(RECORDS TO USE Opens)

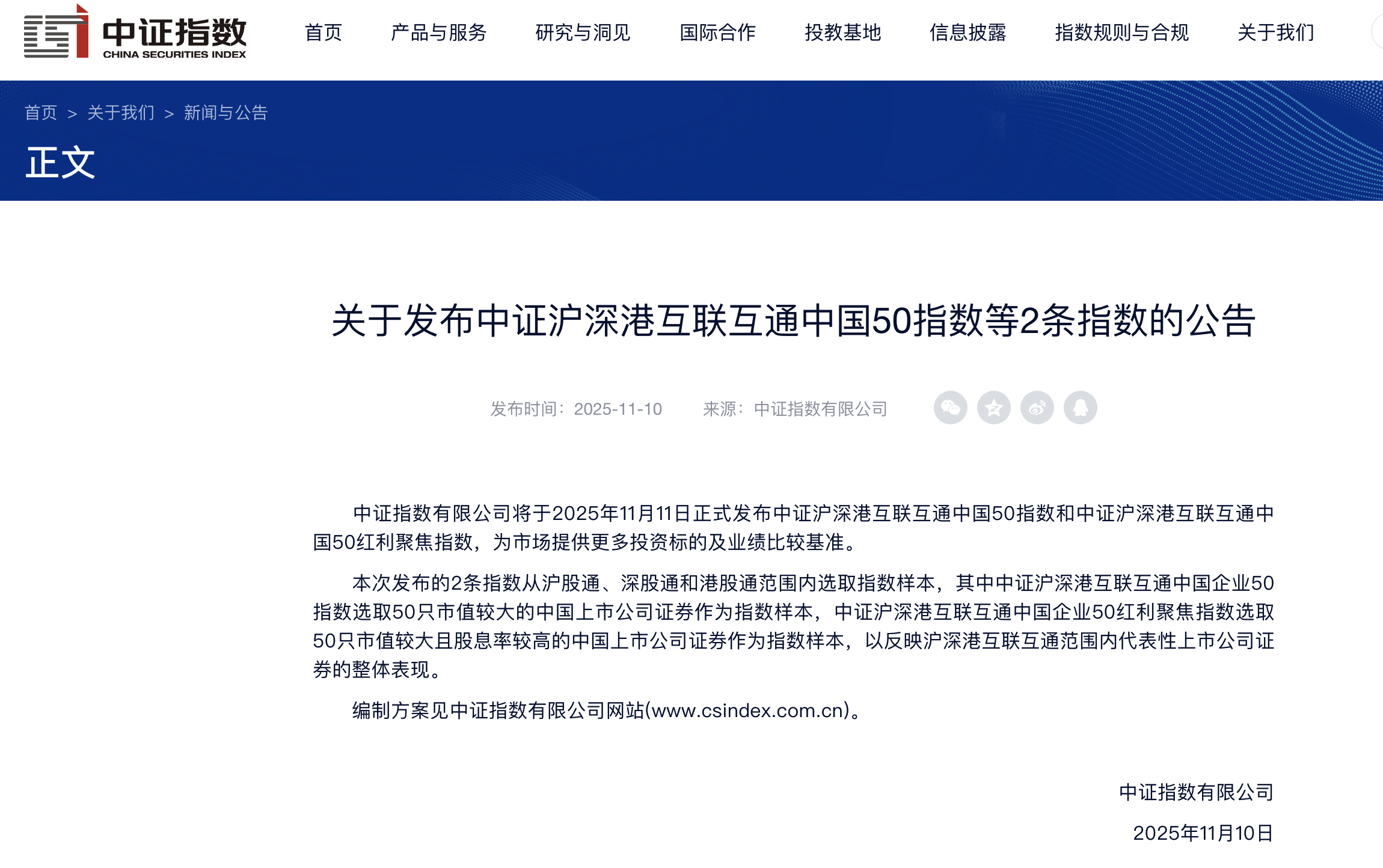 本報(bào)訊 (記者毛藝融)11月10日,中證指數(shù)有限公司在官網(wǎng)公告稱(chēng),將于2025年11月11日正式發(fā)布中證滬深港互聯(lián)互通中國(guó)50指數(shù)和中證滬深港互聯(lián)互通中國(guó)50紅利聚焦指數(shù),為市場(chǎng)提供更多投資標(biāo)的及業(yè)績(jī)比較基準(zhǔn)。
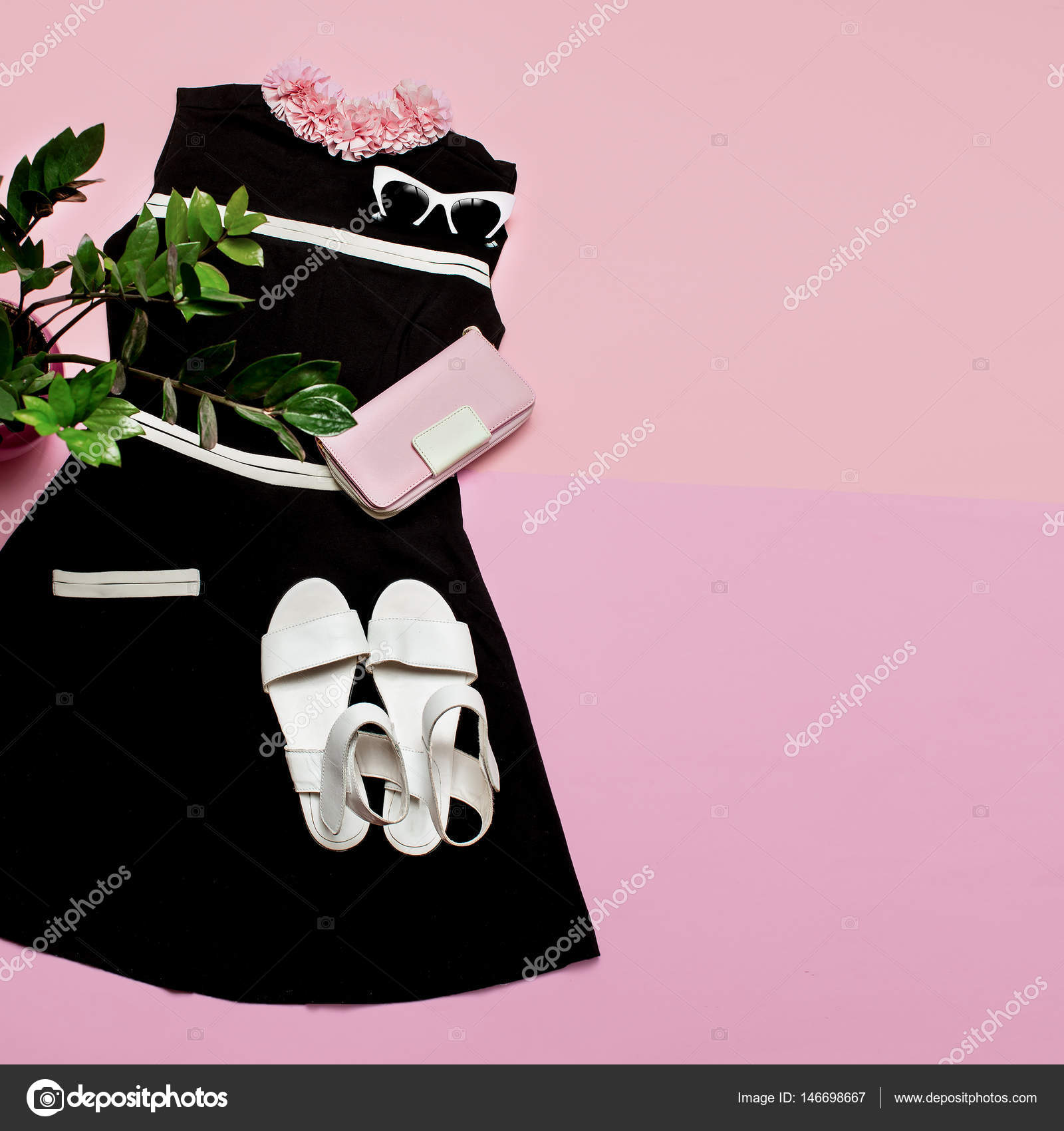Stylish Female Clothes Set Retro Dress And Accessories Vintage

(RECORDS TO USE Closes)
(RECORDS TO USE Opens)

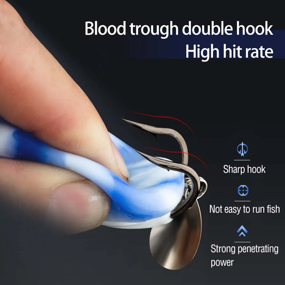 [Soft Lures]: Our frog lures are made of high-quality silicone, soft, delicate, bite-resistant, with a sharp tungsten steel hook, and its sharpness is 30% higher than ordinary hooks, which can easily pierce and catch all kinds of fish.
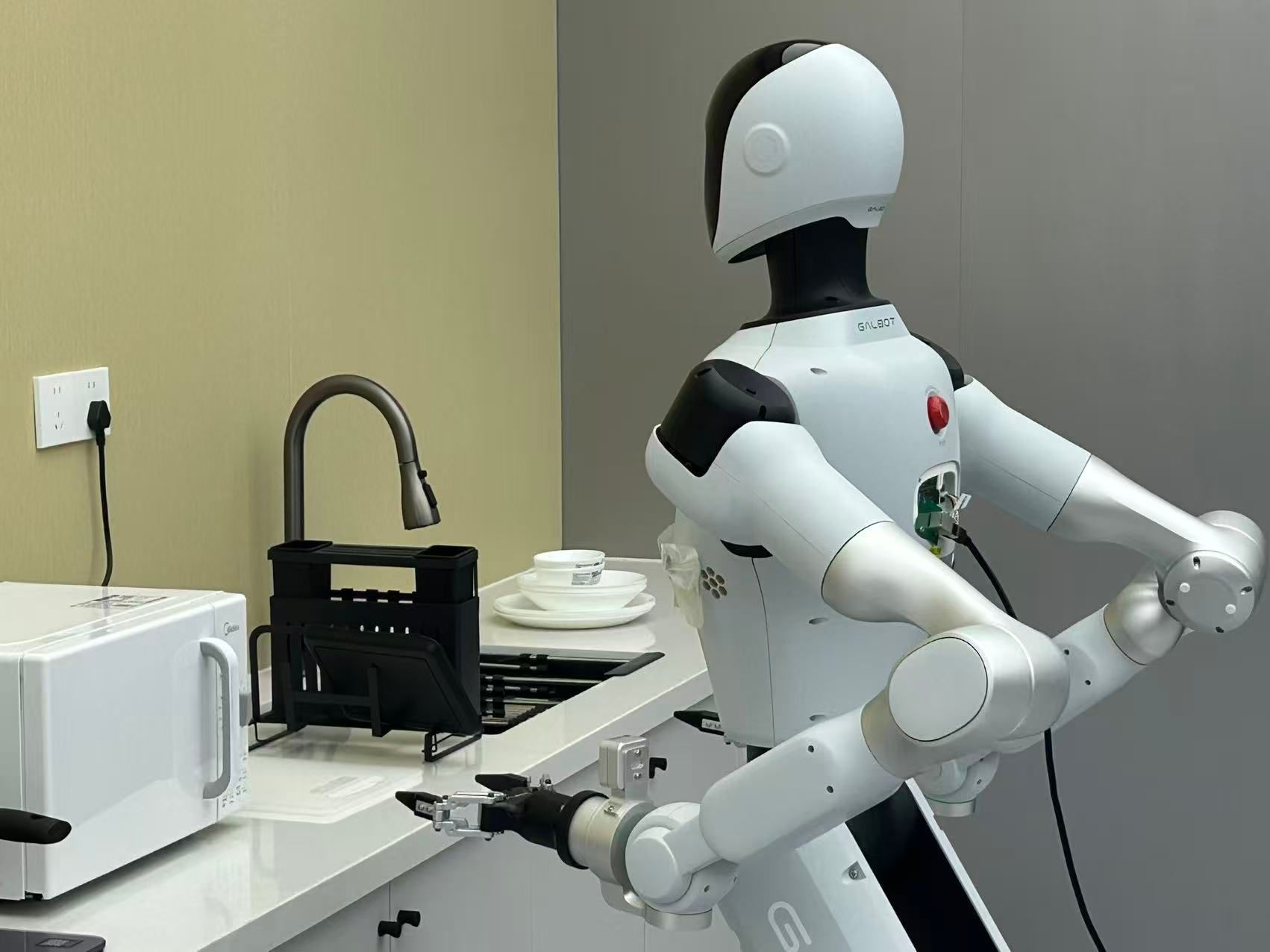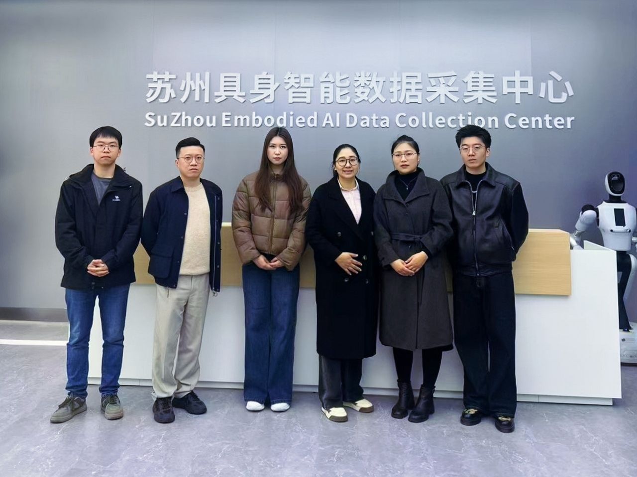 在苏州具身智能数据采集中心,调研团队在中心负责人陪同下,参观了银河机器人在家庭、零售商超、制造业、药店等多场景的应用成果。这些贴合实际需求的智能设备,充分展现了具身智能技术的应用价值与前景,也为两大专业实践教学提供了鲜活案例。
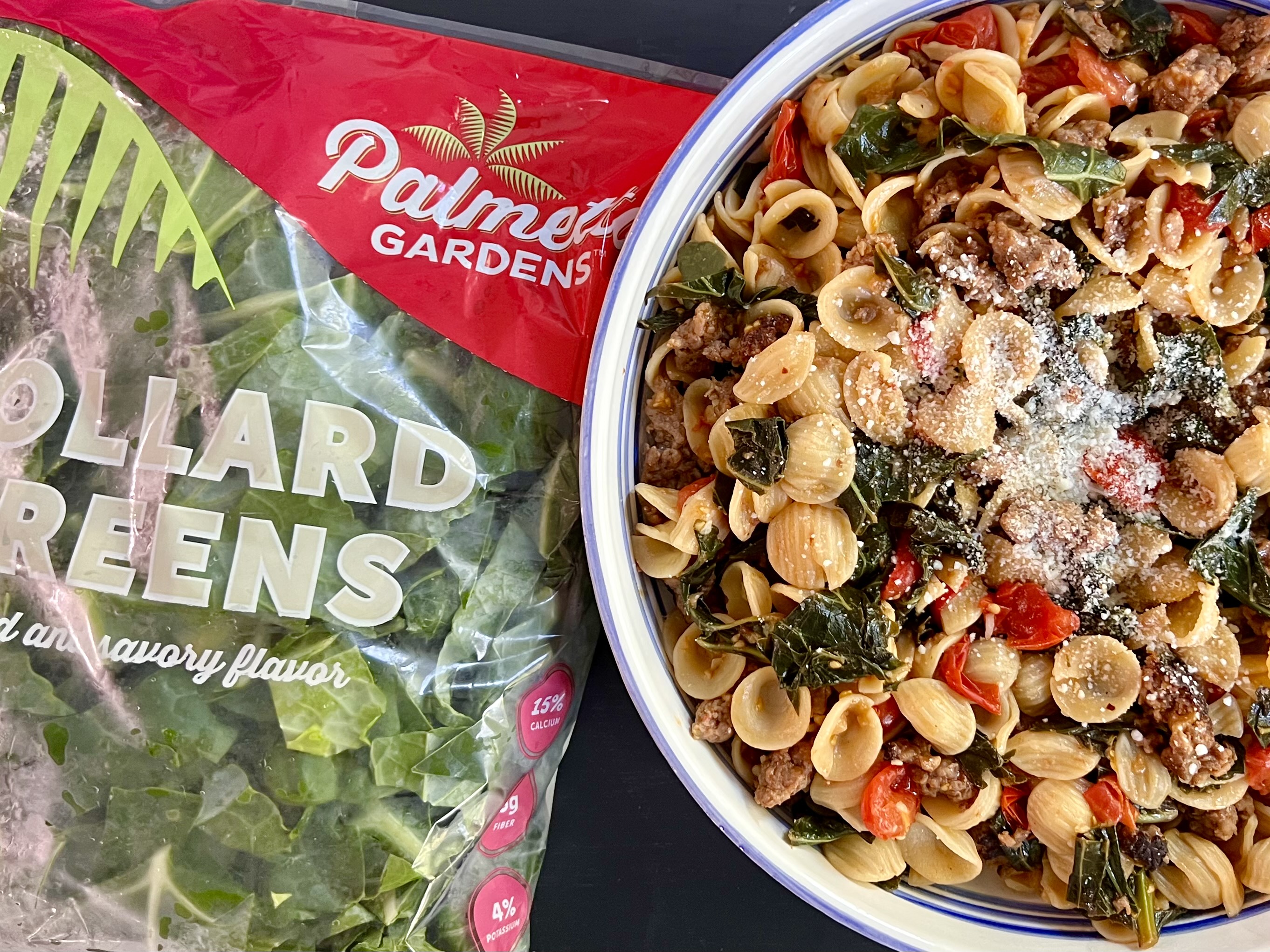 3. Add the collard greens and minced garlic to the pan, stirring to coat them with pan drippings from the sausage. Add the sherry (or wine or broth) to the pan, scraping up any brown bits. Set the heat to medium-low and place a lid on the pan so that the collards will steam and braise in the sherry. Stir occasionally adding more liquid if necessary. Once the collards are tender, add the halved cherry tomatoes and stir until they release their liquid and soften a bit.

(RECORDS TO USE Closes)

In the listing above, find the line containing "在苏州具身智能数据采集中心,调研团队在中" and the line containing "3. Add the collard". Print those two lines and every line between them exactly, with no pictures.

 在苏州具身智能数据采集中心,调研团队在中心负责人陪同下,参观了银河机器人在家庭、零售商超、制造业、药店等多场景的应用成果。这些贴合实际需求的智能设备,充分展现了具身智能技术的应用价值与前景,也为两大专业实践教学提供了鲜活案例。
 3. Add the collard greens and minced garlic to the pan, stirring to coat them with pan drippings from the sausage. Add the sherry (or wine or broth) to the pan, scraping up any brown bits. Set the heat to medium-low and place a lid on the pan so that the collards will steam and braise in the sherry. Stir occasionally adding more liquid if necessary. Once the collards are tender, add the halved cherry tomatoes and stir until they release their liquid and soften a bit.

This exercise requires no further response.